The Queens Giant (also known as the Alley Pond Giant or Alley Pond Park Giant), at , is an old tulip poplar (Liriodendron tulipifera) that is located in Alley Pond Park. It is the tallest carefully measured tree in New York City, measuring 133.8 ft tall with a 19 ft circumference as of 2004, and it might also be the oldest living thing in the New York metropolitan area, being between 350 and 450 years old in 2004. A tree in Staten Island, known as the Clove Lake Colossus, has a more massive trunk, but it is only 119 ft tall. However, NYC Parks is unsure of the margin of error regarding the Queens Giant's age, and its true age may have a margin of error of several decades or centuries. Some arborists estimate the tree's age at 250 years, making it younger than other trees in the city. The nearby Great White Oak in Douglaston, though smaller, may have been about 600 years old when it was cut down in 2009, though that tree's age is also disputed.

The Queens Giant is hidden within a grove, barely visible from the westbound Long Island Expressway. The tree is near the Douglaston Plaza Mall, and is accessible by foot from Alley Pond Park. The tree can be viewed by entering the park at Horace Harding Expressway and East Hampton Boulevard, a small plaque at this entrance describes the tree and its history and significance. The Queens Giant is surrounded by a metal fence on all sides to protect it, and a hill and a sign describing the tree stand in front of it.

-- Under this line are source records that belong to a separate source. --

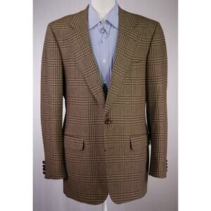 Lanvin Paris Vintage Brown Green Plaid Knit Wool 2-Btn Sportcoat Blazer 42L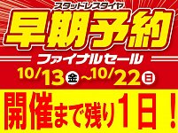 皆様、こんにちは! いつもタイヤ館ビィ・ワークス登別をご利用いただきありがとうございます♪ いよいよ明日スタートです! 10/13(金)~10/22(日)まで 「スタッドレスタイヤ早期予約ファイナルセール」開催いたします!! 開催まで残り1日!! 早期予約のファイナルですよ(=゚ω゚)ノ 今お...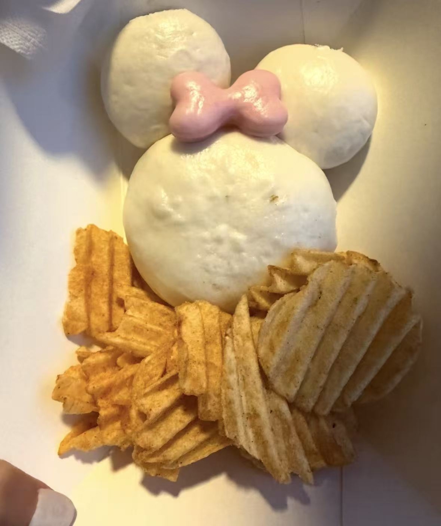 据网友刻画,这款米妮造型包子,两个耳朵和蝴蝶结均为实心馒头,瑞金资本脸部则有酱肉馅,搭配的薯片为“好风趣风趣”薯片。
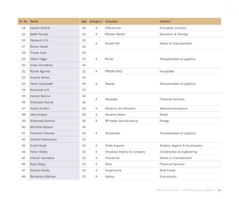 Sr. No. Name Age Category* Company Industry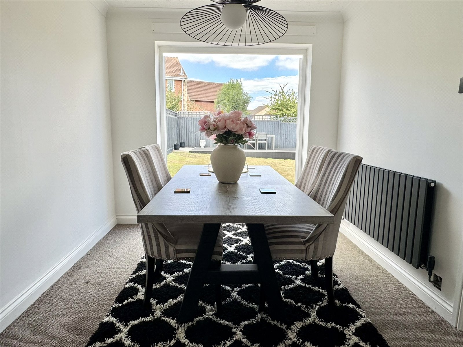 Dining Room 8'11" x 8'7" (2.72m x 2.62m). Radiator and double glazed patio doors opening out onto the rear garden. Door into kitchen.

The Queens Giant is featured in the 2018 documentary film The World Before Your Feet.

=== Recreation ===
Alley Pond Park contains numerous sports fields. The northern section of the park near Cloverdale Boulevard and Horatio Parkway contains Horatio Playground as well as a baseball field, a basketball court, and two handball courts. The central section, at 67th Avenue between 230th and 233rd Streets, contains Alley Playground as well as a baseball field, a basketball court, and four handball courts. Springfield Boulevard between 73rd and 76th Avenues, at Alley Pond Park's southwestern corner, has five baseball fields and a soccer field, as well as restrooms and a picnic area. The area northwest of the intersection between the Cross Island and Grand Central Parkways contains a barbecue area, a picnic area, a football field, two baseball fields, four handball fields, and Alley Springfield Playground. South of the Grand Central Parkway is the Alley Athletic Playground, with five baseball fields, a cricket/football field, a soccer field, a handball court, numerous batting cages, and a playground.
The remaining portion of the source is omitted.